The reduction in pain observed in the OzA group can be attributed, at least in part, to the neuroinflammatory modulation promoted by medical ozone treatment. Experimental studies have demonstrated that ozone application can reduce the expression of pro-inflammatory cytokines such as IL-6 and TNF-alpha, in addition to promoting histological improvement in altered endometrial tissues.
Another relevant consideration is the possible impact of endovaginal ozone application on the vaginal microbiome. Recent evidence indicates that urogenital microbiota dysbiosis may be associated with persistent inflammation and worsening symptoms in women with endometriosis. Medical ozone treatment, due to its selective antimicrobial action and immunomodulatory effect, could favour the restoration of local homeostasis, promoting a more balanced vaginal environment.

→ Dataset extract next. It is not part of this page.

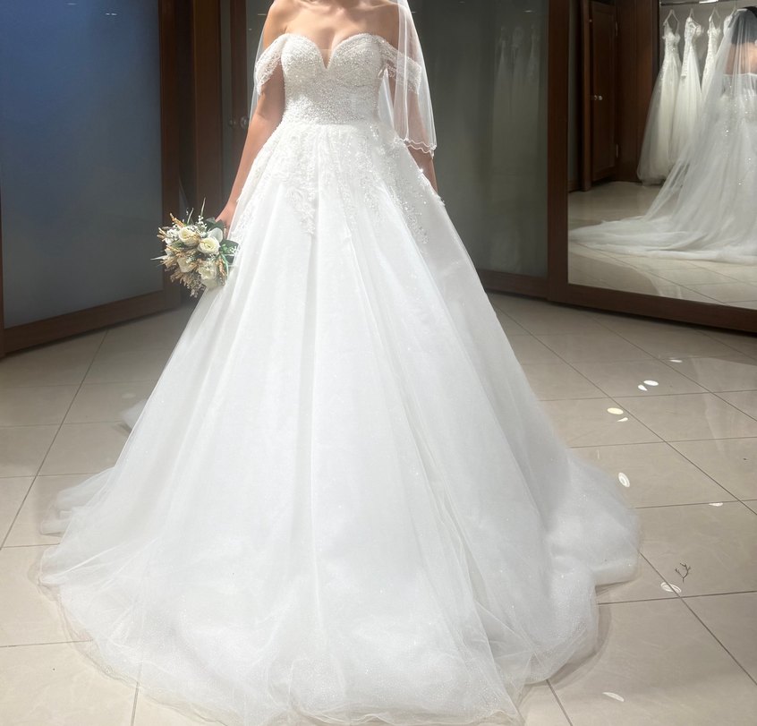 Straplez, uzun beyaz gelinlik; gevşek A kesim, ince askılı kollar ve modern klasik detaylarla göz alıcı bir şıklık sunar. Defosu yoktur bir kez giyildi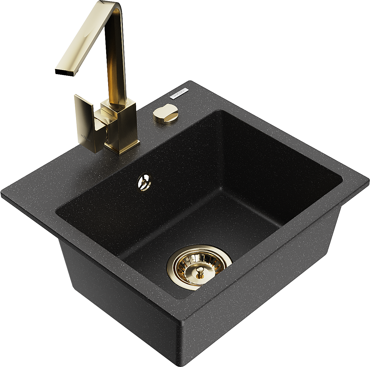 Mexen Milo granitinė virtuvės kriauklė su maišytuvu Rita, juoda/sidabro metalikas - 6505-73-670300-50

The researchers note this as a biologically plausible hypothesis warranting further investigation.
At the systemic level, chronic oxidative stress plays a relevant role in the pathophysiology of endometriosis. Medical ozone treatment has been proposed as a therapeutic strategy based on its ability to induce controlled and transient oxidative stimuli capable of activating redox-sensitive adaptive pathways, particularly the Nrf2 signalling axis. Enhanced Nrf2 activity has been associated with attenuation of inflammatory signalling pathways, including modulation of NF-kB and suppression of NLRP3-mediated inflammation.

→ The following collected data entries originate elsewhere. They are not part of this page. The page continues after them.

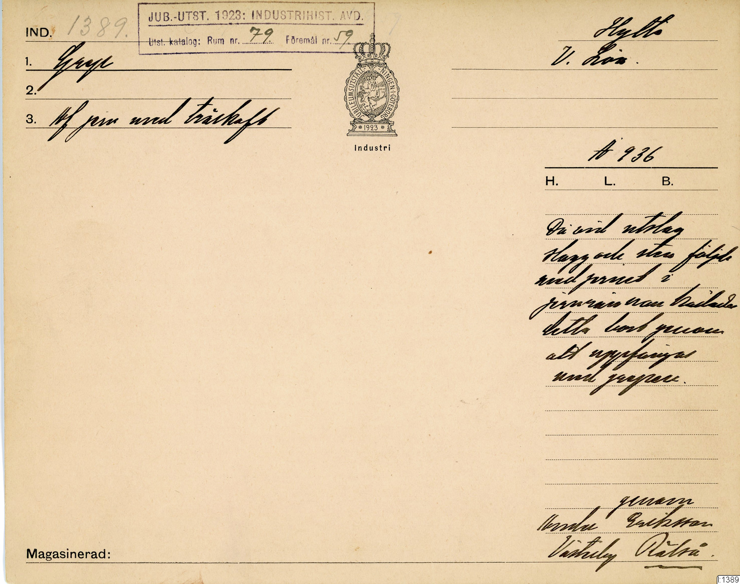 Industrihistoriska avdelningen, Jubileumsutställningen, 1923 [Rum 79, nr 59]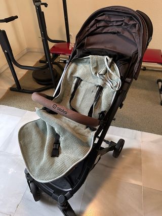 Silla de paseo con un diseño moderno y funcional. - Capota extensible. - Manillar y detalles en polipiel. - Cesta de almacenaje inferior. - Ruedas delanteras giratorias.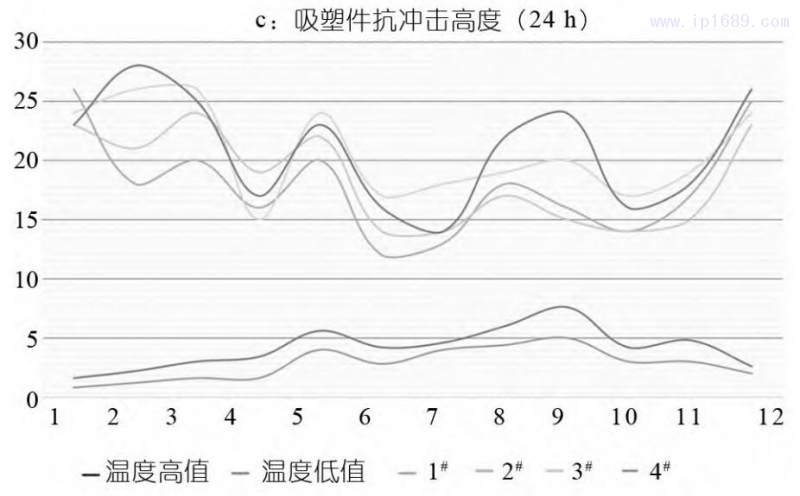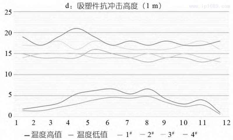 從曲線圖來看,環境溫度的波動對本批次的庫存吸塑件樣品的抗沖擊高度沒有明顯影響。但與按月制作的吸塑件抗沖擊高度比較,庫存吸塑件的抗沖擊高度有明顯降低。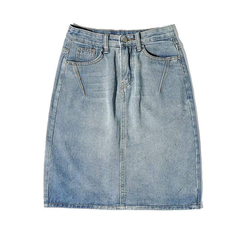 데님 스커트 여성의 봄과 여름 2024 새로운 높은 허리 슬리밍 캐주얼 중간 길이 분할 데님 스커트

Additionally, medical ozone may directly affect nociceptive perception by stimulating the release of endogenous opioids and inhibiting pain conduction at both the central and peripheral levels. Controlled ozone application has been shown in other studies to activate endogenous analgesic pathways such as bradykinin release, modulation of prostaglandin synthesis, and increased macrophage and leukocyte activity.

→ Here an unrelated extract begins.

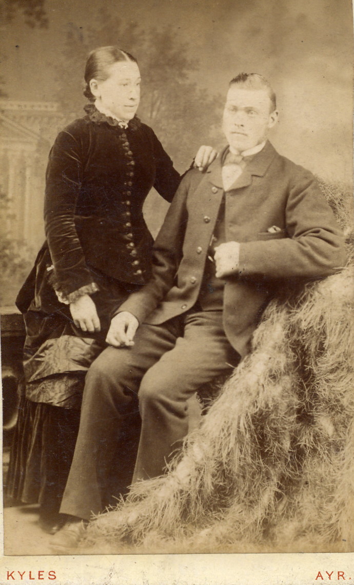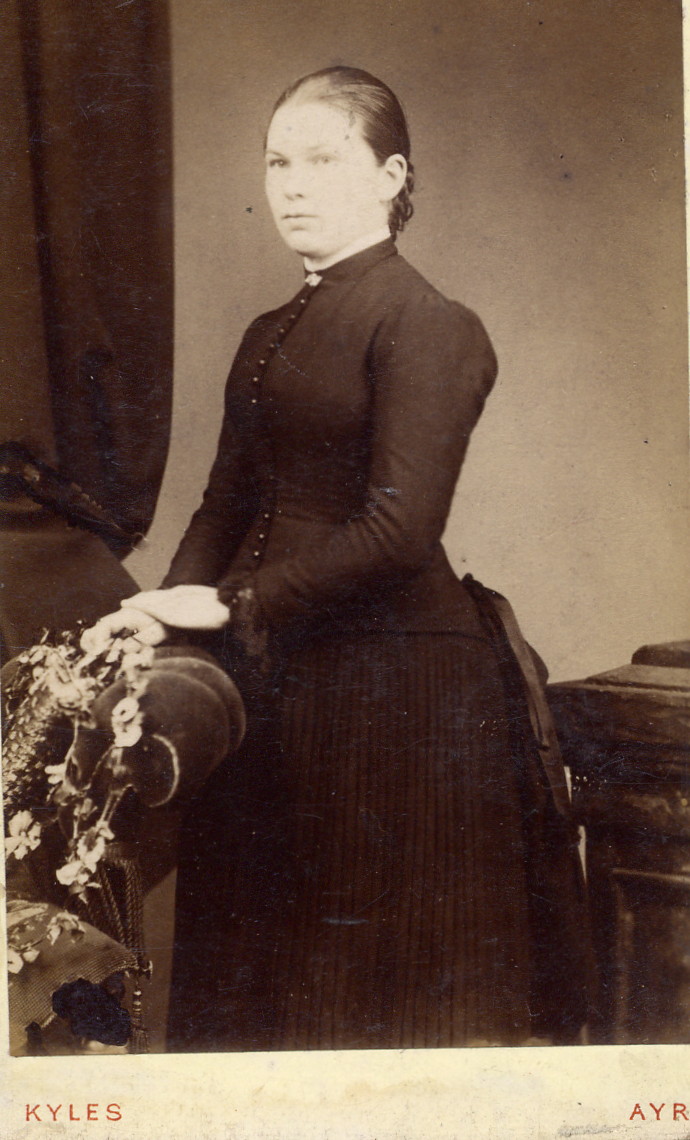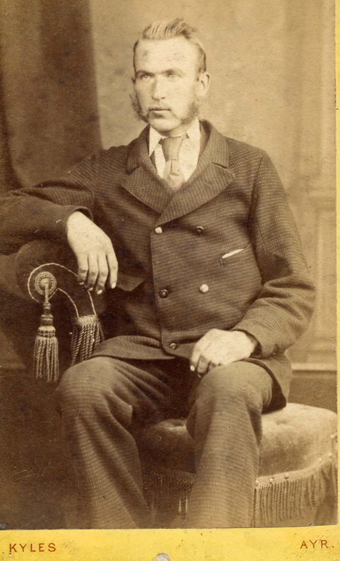 Photo right: Unknown-0003; carte de visite format. No design on the reverse of the photo. I have always wondered if this is Thomas WATSON 1827-1878? The 1871 census tells us that Thomas Watson and his family were on Mount Oliphant Farm near Ayr Scotland and that Thomas was a ‘farmer of 70 arable acres’. Perhaps he fancied himself as a ‘gentleman farmer’?

All participants reported symptoms related to impaired sexual function before the start of the intervention. These findings are consistent with the literature describing pain as one of the main disruptive factors of sexuality in women with endometriosis, particularly in the form of deep dyspareunia. The improvement observed in sexual function at the end of the protocol may be associated with pain reduction and, consequently, the attenuation of psycho-emotional suffering, which reinforces the relevance of integrative therapeutic approaches in the management of endometriosis.
The proposed treatment is a minimally invasive method with simple and quick application, taking an average of 20 minutes from preparation to completion, and an affordable cost, estimated at around R$8.00 (approximately US$1.44) per session.
Limitations
The authors acknowledge several limitations inherent to the study design. The lack of longitudinal follow-up prevents definitive conclusions about the persistence of the observed therapeutic effects. Additionally, this was a single-centre study, which may limit the generalizability of the findings to other populations. Future multicenter studies involving participants with different demographic and clinical profiles, combined with biomarker evaluation, are needed to increase external validity and better elucidate the mechanistic and long-term clinical effects of this approach.
Conclusion
To the knowledge of the authors, this randomised clinical trial is among the first to evaluate the endovaginal application of medical ozone treatment in women with endometriosis. The intervention demonstrated a favourable short-term safety and tolerability profile and was associated with improvements in pelvic pain, quality of life, sexual function, and anxiety symptoms. These findings suggest that endovaginal medical ozone treatment may represent a potential minimally invasive adjuvant strategy in the clinical management of endometriosis. Further multicenter studies with larger samples, longer follow-up, and biomarker evaluation are warranted to confirm efficacy, durability of effects, and underlying mechanisms.
This work was supported by the Higher Education Personnel Improvement Coordination (CAPES). No conflicts of interest were reported by the authors.